Lossy compressed mammography images and digitized film screen images must not be reviewed for primary image interpretations. Mammographic images may only be interpreted using an FDA cleared display that meets technical specifications reviewed and accepted by FDA or displays accepted by the appropriate regulatory agency for the country in which it is used.

Display monitors used for reading medical images for diagnostic purposes must comply with the applicable regulatory approvals and quality control requirements for their use and maintenance.

SurgicalAR software is indicated for use by qualified healthcare professionals including, but not restricted to radiologists, non-radiology specialists, physicians and technologists.

When accessing SurgicalAR software from a wireless stereoscopic head-mounted display (HMD) or mobile device, images viewed are for informational purposes only and not intended for diagnostic use.

SurgicalAR is a software platform to be used by clinicians for the visualization of medical images in 3D to allow for surgical planning activities. The device takes pre-acquired 2D medical images and reconstructs 3D models that a clinician can then view on a stereoscopic, holographic display.

The software application is used to:

• Load patient CT/MR DICOM data

• View DICOM data using a traditional computer monitor or in Augmented Reality (AR) using a head-mounted display, HMD.

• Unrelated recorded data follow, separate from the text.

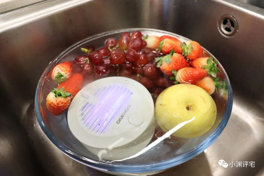 果蔬清洗机很神奇:把清洗机和食物同时泡在一盆水里,打开清洗机,食物表面的灰尘、农残、血水就会消失不见——不用加洗涤剂,不用脏手。
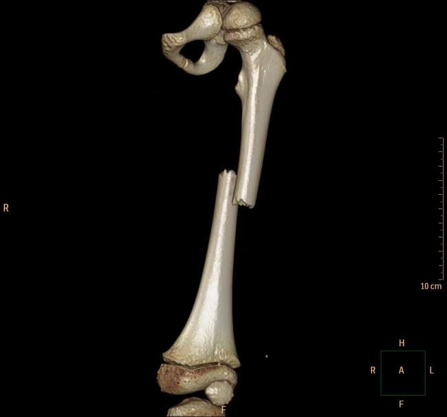 今年五岁的小男孩乐乐(化名),在家中阳台上玩耍时,不慎从二楼(约7米高处)摔下,致左大腿疼痛、畸形、活动障碍,家长立即送他到当地医院救治。X片检查提示,乐乐左侧股骨中段短斜型骨折,骨折断端成角重叠移位,患肢短缩明显,建议转上级医院行手术治疗。
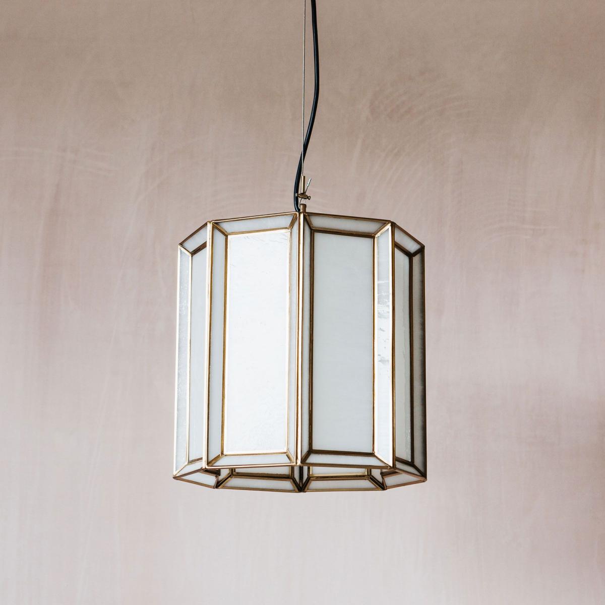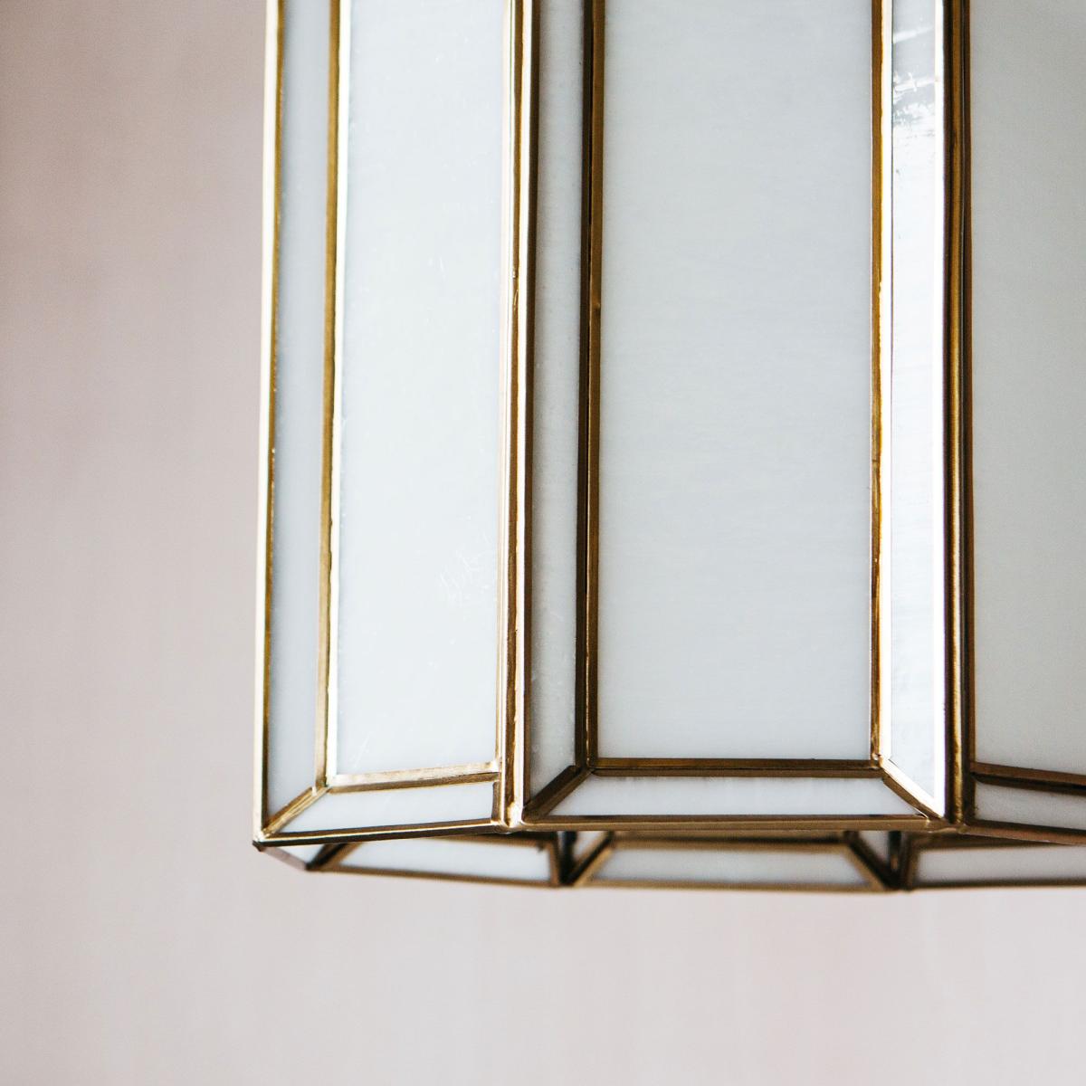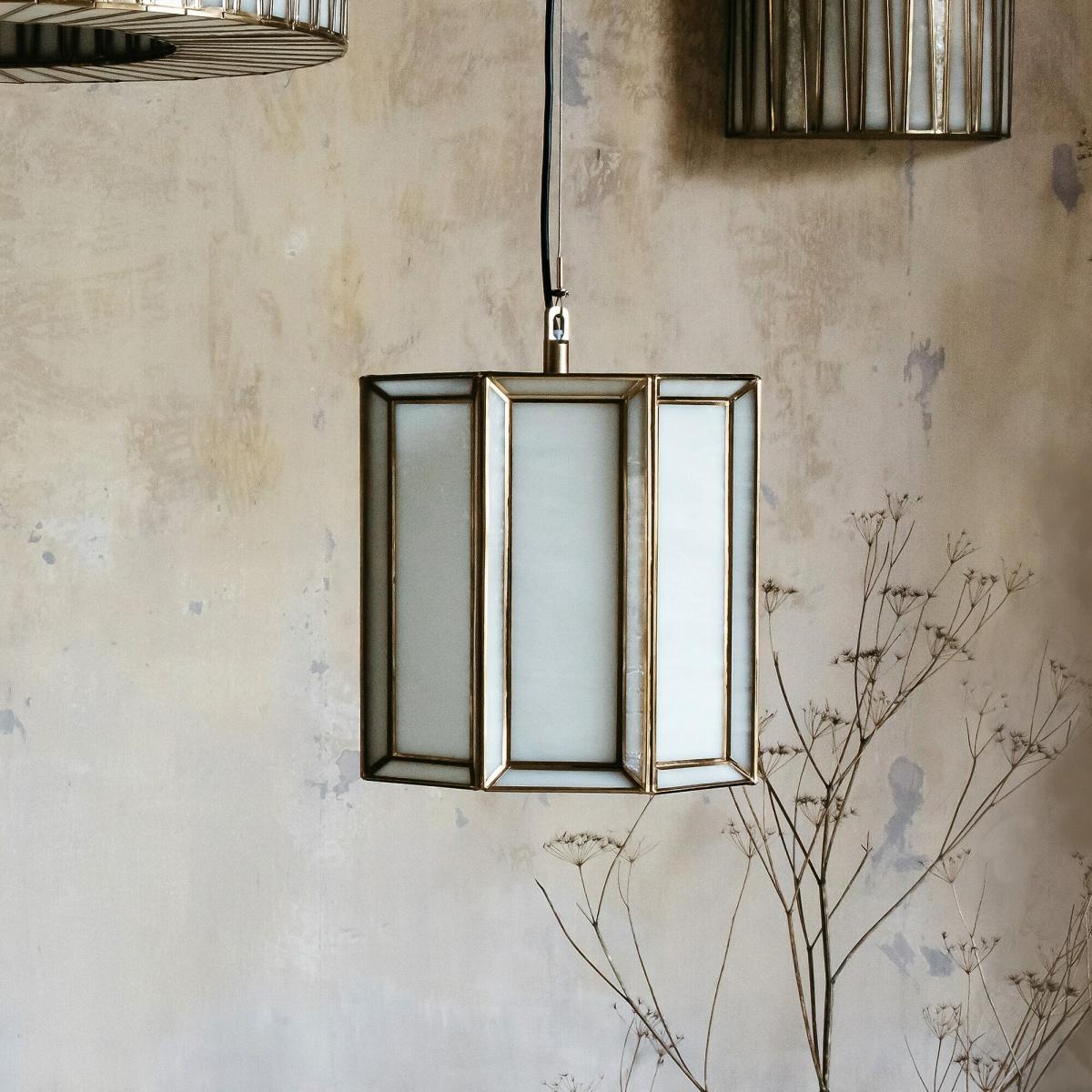 Illuminating your home with Art Deco inspiration, the Trumen pendant features frosted glass panels bordered in gold linework for Gatsby approved lighting.
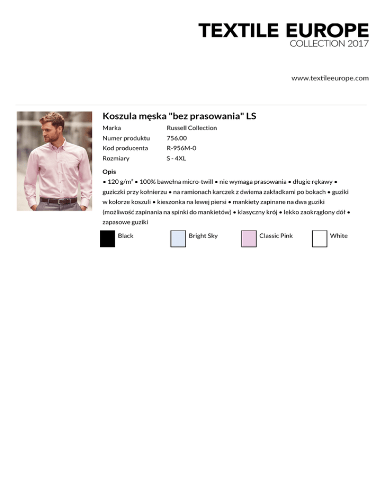 Koszula męska "bez prasowania" LS Marka Russell Collection Numer produktu 756.00 Kod producenta R-956M-0 Rozmiary S - 4XL Opis • 120 g/m² • 100% bawełna micro-twill • nie wymaga prasowania • długie rękawy • guziczki przy kołnierzu • na ramionach karczek z dwiema zakładkami po bokach • guziki w kolorze koszuli • kieszonka na lewej piersi • mankiety zapinane na dwa guziki (możliwość zapinania na spinki do mankietów) • klasyczny krój • lekko zaokrąglony dół • zapasowe guziki Black Bright Sky Classic Pink White
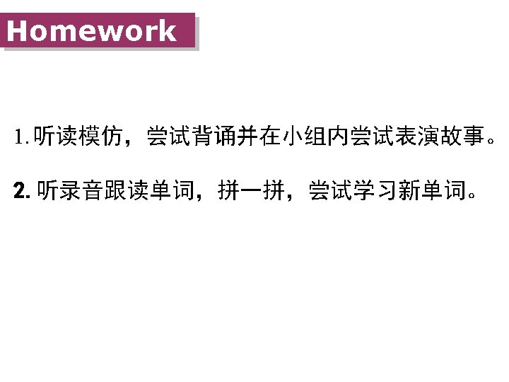 Read the dialogue. 1. I can read the story correctly. 我能正确地朗读。 2. I can read it with emotions fluently. 我能流利、有感情地朗读。 3. I can say the story with pictures. 我能借助图片说一说整个故事 。
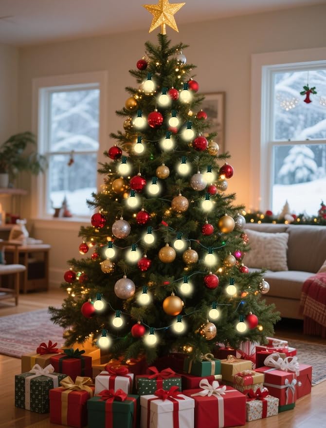 • Easy to Install & Versatile Use: Outdoor christmas string lights socket has a clip on the side. Simply hang or wrap round Christmas decorations bistro lights along rooflines, fences, trees, stair railings or patios. Hanging patio lights perfect for Christmas decorations, wedding receptions, garden parties, or cozy indoor setups, to transform your space into a warm, festive atmosphere.
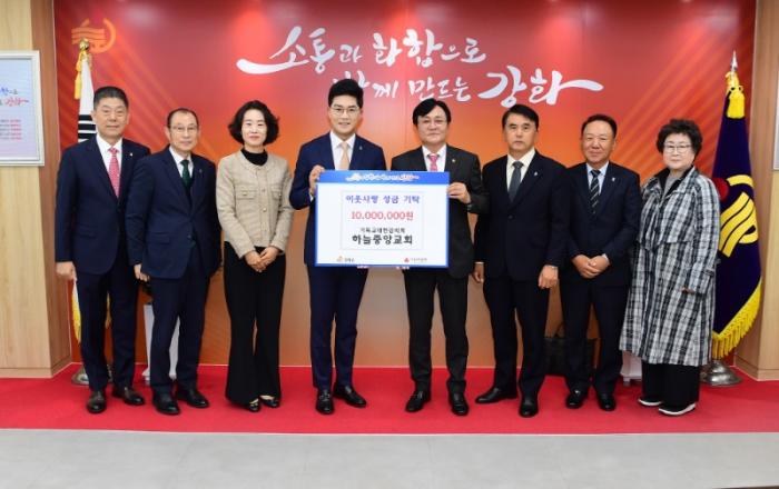 강화군(군수 박용철)이 14일, 하늘중앙교회(담임목사 박윤호)에서 교회 설립 10주년을 맞아 지역사회 어려운 이웃을 돕기 위한 지정 기탁금 1천만 원을 강화군에 기탁했다고 밝혔다.이번에 기탁된 성금은 인천사회복지공동모금회를 통해 관내 저소득층 및 복지 사각지대 이웃들을

The provided document K190764 for the device SurgicalAR is a 510(k) premarket notification and details the device's substantial equivalence to a predicate device. It does not contain information about acceptance criteria and a study proving the device meets those criteria, as typically found in clinical validation studies.

The document primarily focuses on demonstrating that SurgicalAR has the same intended use and similar technological characteristics to its predicate device (VitreaView K163232). It highlights differences in features that do not introduce new safety or effectiveness concerns.

Therefore, I cannot extract the requested information (acceptance criteria, device performance, sample sizes, expert qualifications, ground truth, MRMC study, etc.) from the provided text, as this type of information is generally part of a separate clinical validation study report, not a 510(k) summary demonstrating substantial equivalence.

The "Tests conducted" Section 5.9 mentions "design verification" and "design validation, including human factors and usability engineering." However, it only provides high-level statements about their success ("met the design input requirements," "met all predetermined acceptance criteria") without detailing specific performance metrics or the methodology of the validation studies in a way that would address your questions.